- Born: December 25, 1984 Shillong, India
- Died: July 21, 2016 (aged 31) Majnu-ka-tilla, India
- Education: University of Delhi; Jawaharlal Nehru University;
- Occupations: Model, researcher
- Known for: Miss Tibet 2006

= Tsering Chungtak =

Tsering Chungtak (December 25, 1984 – July 21, 2016) was a Tibetan model and beauty pageant titleholder who represented Tibet at the 2006 edition of the environmentally oriented beauty pageant Miss Earth 2006. She was the first Tibetan woman to participate in any major international beauty contest. Tsering pursued her undergraduate studies from Hindu College, University of Delhi and was pursuing her PhD degree in Sociology from Jawaharlal Nehru University. She was working as a research scholar with Ayur Gyan Nyas, an organisation creating curriculum on secular ethics for students from class one to twelve.

==Miss Tibet 2006 pageant==
Chungtak, a student of sociology in Hindu college, University of Delhi was crowned Miss Tibet in 2006 at a contest in the northern Indian town of Dharamsala, home to a majority of Tibetan exiles and the seat of the 14th Dalai Lama. Born in Shillong, she was an alumna of the lower-Tibetan Community Village School. She also took the title of Miss Photogenic after securing 1740 votes of the total 3909 votes cast in the online public poll; held in the Tibetan Institute of Performing Arts (TIPA), the finale of the Miss Tibet 2006 contest drew a large crowd of local Tibetan youth. She received a scholarship cheque of 100,000 Indian rupees.

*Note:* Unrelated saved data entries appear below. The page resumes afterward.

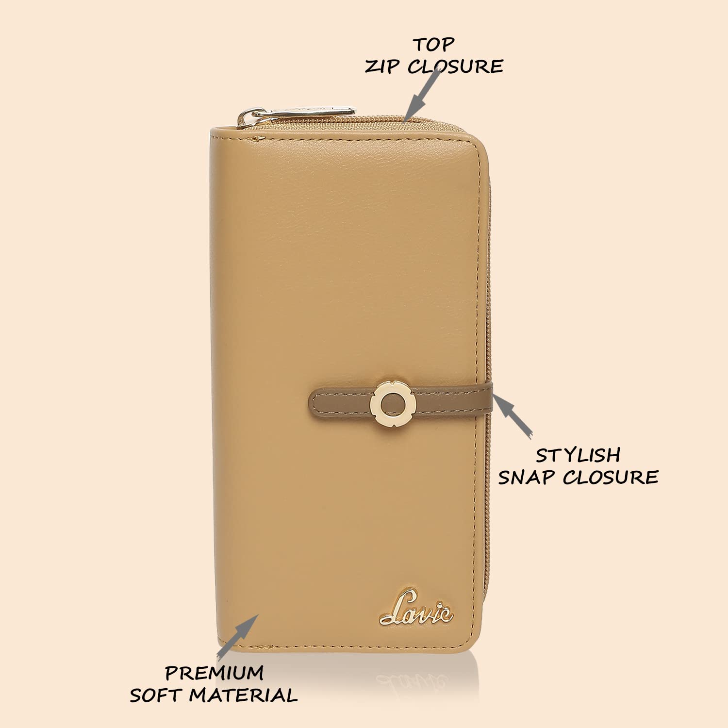 - Indulge yourself with a fashion accessory unlike anything you've ever had before A zip around wallet by Lavie flaunts a luxurious soft synthetic leather finish, metallic label treatment.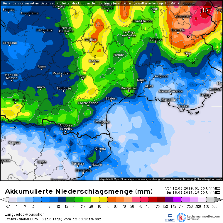 En plaine, il devrait s'agir de bonnes pluies surtout en se rapprochant du Languedoc et de la vallée du Rhône. Sur le Roussillon, par expérience, les cumuls risquent d'être revus à la baisse d'ici là : nous misons ainsi sur des pluies faibles. En altitude, près des reliefs, la neige pourrait (notez le conditionnel) tomber à moyenne altitude avec cette fois des quantités assez significatives, arrivant toutefois tardivement pour la saison. Sur ce modèle, le risque orageux est faible.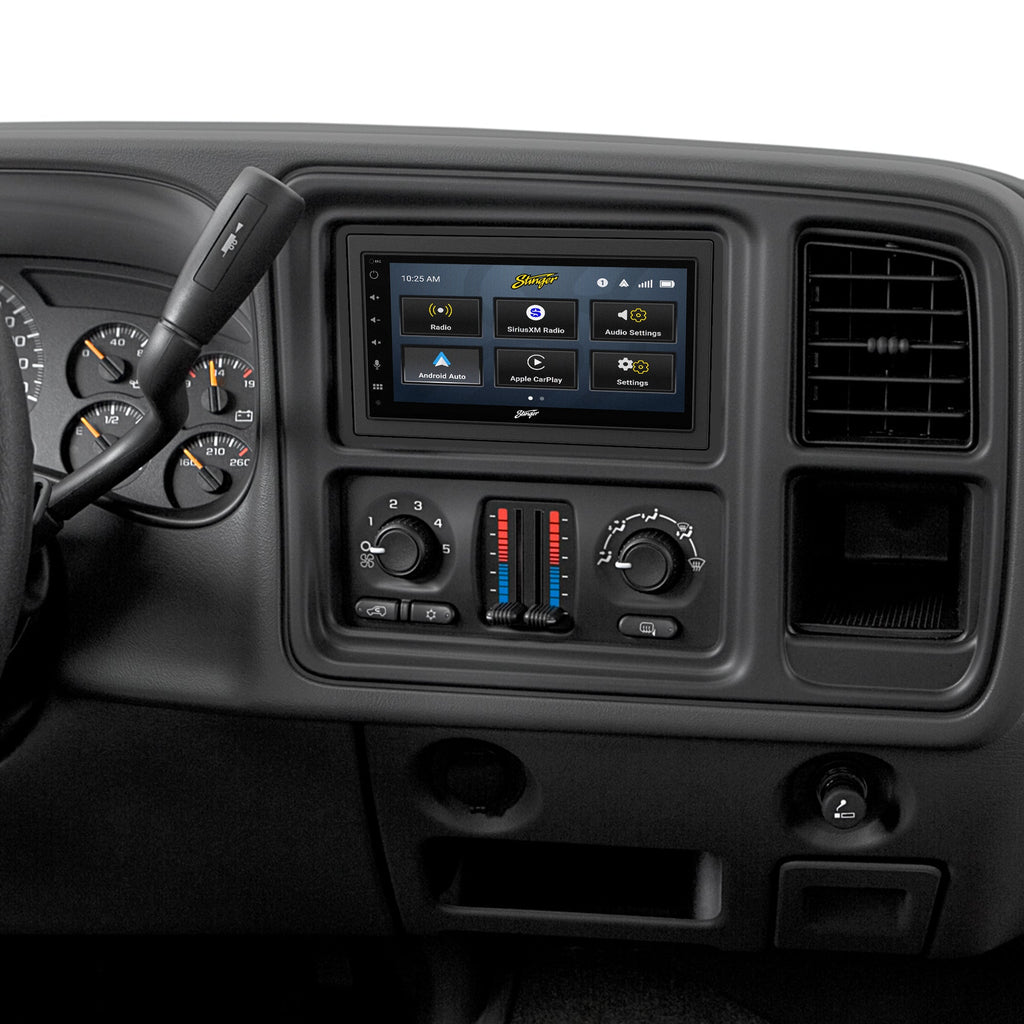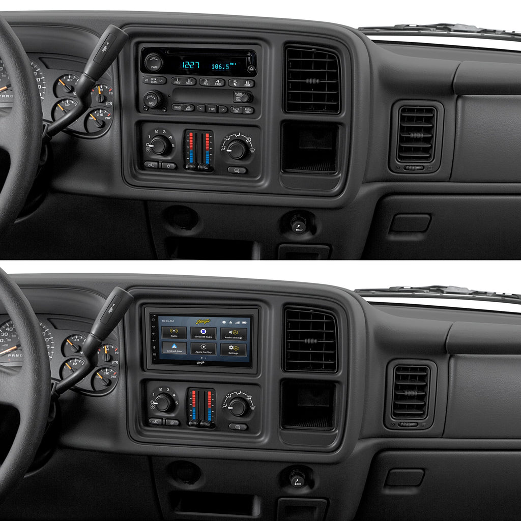 Enhance your driving experience with the Chevy Silverado/GMC Sierra 6.8" Double DIN Radio Kit, which is here to take your ride to the next level! Prepare to be blown away by this kit's cutting-edge features and sleek design. With full compatibility with Apple CarPlay and Android Auto (wireless & wired connection), you'll have seamless access to all your favorite apps at your fingertips. Make hands-free calls, listen to your favorite jams, and stay connected on the road like never before. And that's not all - this kit even supports up to 4 camera inputs with adjustable parking guidelines for effortless maneuvering. This kit includes a vehicle-specific interface and custom-fit dash kit to make your dash look like new. Upgrade your Chevy Silverado/GMC Sierra today and unleash the excitement on every drive!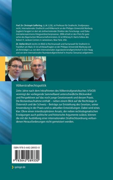 Sabine Leutheusser-Schnarrenberger, Vorwort.- Christoph Safferling und Stefan Kirsch, Einleitung.- Eckart Conze, Die Bedeutung Nürnbergs für dasVölkerstrafrecht in Deutschland.- Manfred Görtemaker, Die "Wende" in Deutschland und die "Völkerstrafrechtspolitik".- Hans-Peter Kaul, Der Beitrag Deutschlands zum Völkerstrafrecht.- Thorsten Bonacker, Verfolgung von Völkerstraftaten in Deutschland und Transitional Justice.- Gabriela Mischkowski, Die andere Sicht "zur Sache". Elvire aus Süd-Kivu und das deutsche Völkerstrafgesetzbuch.- Klaus Günther und Vasco Reuss, Die Legitimation von Völkerstrafrecht in Deutschland.- Thomas Jäger, Völkerstrafrecht und humanitäres Völkerrecht.- Dieter Magsam, Die Opfer in völkerstrafrechtlichen Prozessen in Deutschland.- Thomas Dittmann, Das Völkerstrafgesetzbuch und das BMJ.- Natalie v. Wistinghausen, Strafverteidigung in Völkerstrafsachen in Deutschland.- Jürgen Stock, Polizeiliche Ermittlungen im Ausland.- Christian Ritscher, Ermittlungstätigkeiten desGeneralbundesanwalts.- Jürgen Schäfer, Rechtsprechung des BGH.- Stephan Weber, VStGB und die Bundeswehr.- Klaus Rackwitz, Deutschland und der IStGH in Kooperation.- Ewald Brandt, Piraterie-Verfahren in Deutschland.- Kai Ambos, Neue Tatbestände im VStGB.- Elisa Hoven, Der Tatbestand der Aggression.- Hilde Farthofer, Die Verfolgung von Völkerstraftaten in Österreich.- Elisabeth Baumgartner, Die Verfolgung von Völkerstraftaten in der Schweiz.- Monika Böhm und Viola Teubert, Das Völkerstrafgesetzbuch und das Grundgesetz.- Florian Hansen, Prozessbeobachtung in Deutschland.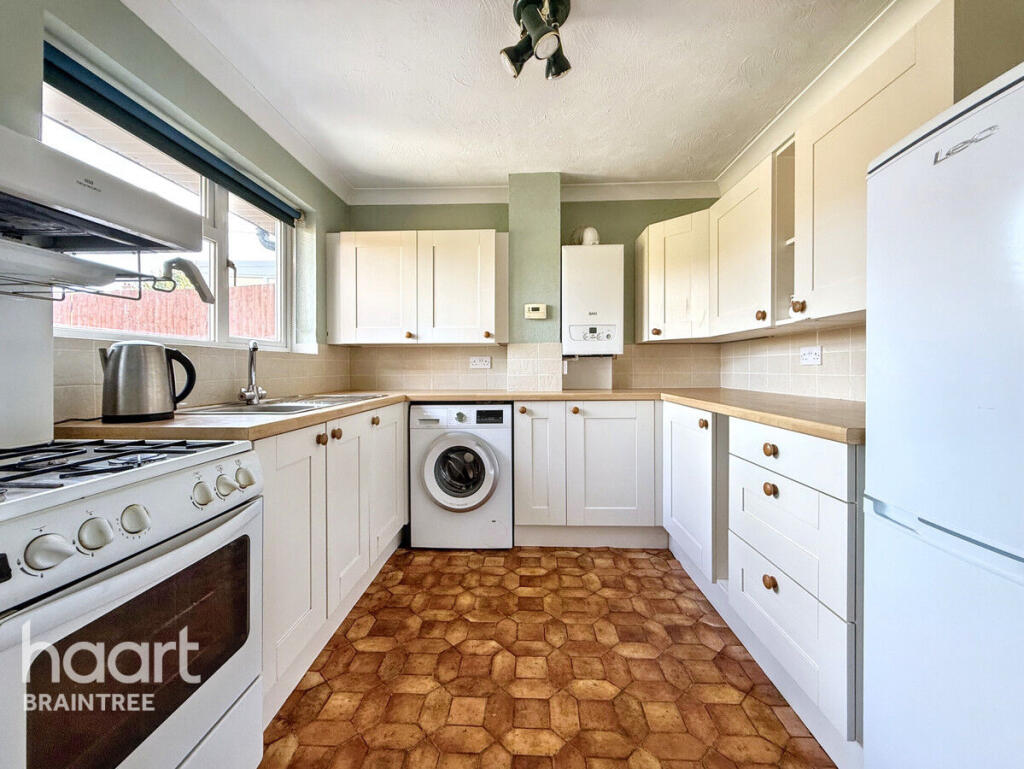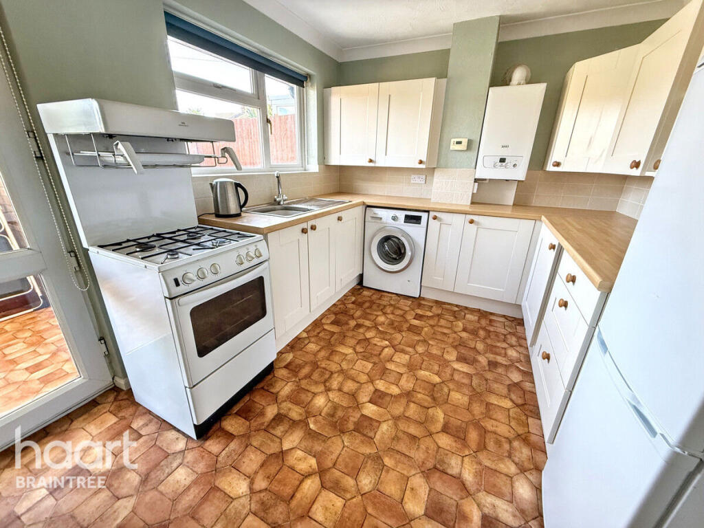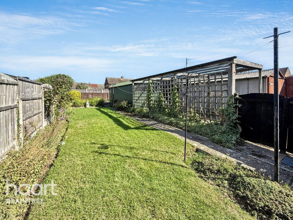 This is a two-bedroom semi-detached bungalow in Braintree, Essex. The property offers a garden and is located near schools and transportation. While the property requires some updating, it presents an opportunity for buyers to customize it to their tastes. The price is in line with the area, but the condition impacts its overall value.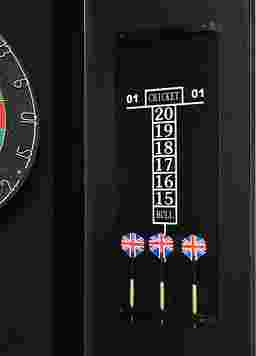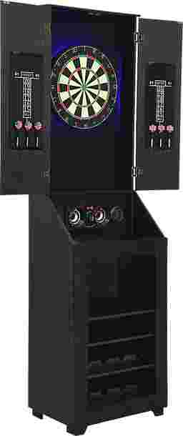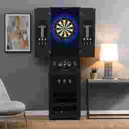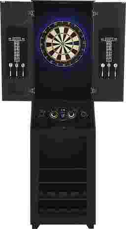 This cabinet is a comprehensive entertainment center. It features cabinet doors that open to reveal two scoreboards and a dartboard illuminated by integrated LED lighting for better visibility during play. Additionally, it includes built-in Bluetooth speakers, allowing you to stream music or game audio directly from the unit to enhance the social atmosphere of your space.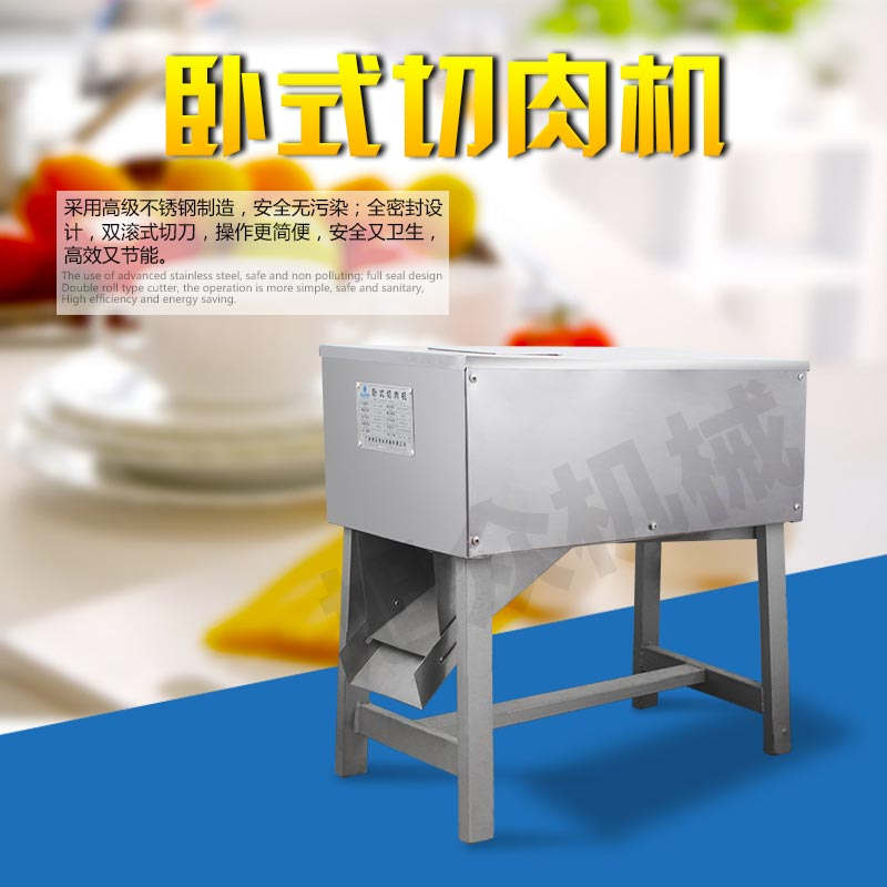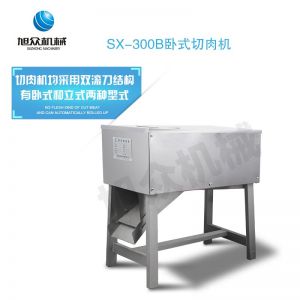 SX300B 卧式切肉机,卧式切肉机均采用双滚刀结构,有卧式和立式两种型式。各种款式切肉机原动力和刀梳、切肉部分的原理,结构大致相同,都具有结构紧凑,外形美观、操作方便、效率高、耗电小、清洁保养容易、安全卫生、切肉效果好等优点。

==Miss Earth 2006 participation==
Chungtak competed as one of the 90 contestants in the environmentally-oriented Miss Earth 2006 beauty pageant. Aside from her environmental advocacy, she used her platform to say that "Tibet is not a part of China" and "there is no freedom in Tibet". She also advocated for the boundaries of acceptable social etiquette towards modernity, in a traditionally conservative Tibetan culture, where most grown women wear ankle-length dresses. Nonetheless, her participation in the pageant received an approval from the Dalai Lama. She made more headlines in December 2007 when she withdrew her participation in the Miss Tourism contest, a minor international beauty pageant held in Malaysia, after organizers reacted to pressure from Beijing and asked her to add "China" to her "Miss Tibet" title by wearing a sash labeled "Miss Tibet-China".

==Tibetan Olympics==
Tsering led a run with Tibetans who live in Taiwan, at Chiang Kai-shek Memorial Hall, Sunday, February 24, 2008, in Taipei, as part of the torch relay for the Tibetan Olympics to be held in Dharamsala, India, the seat of the Tibetan government in exile, on May 15, 2008. The relay for a sports event organized by Tibetans in exile to counter the Beijing Olympics arrived on Taiwan Sunday on the third leg of a 10-city tour. The photo of Tsering Chungtak taken by Associated Press in Taiwan was the "pick of the day" of XPRESS Newspaper, sister paper of Gulf News, which is based in the United Arab Emirates; the newspaper looks daily for the best photos from around the globe.

== Death ==
Chungtak died on July 21, 2016, in Majnu-ka-tilla of cardiac arrest. She was 31.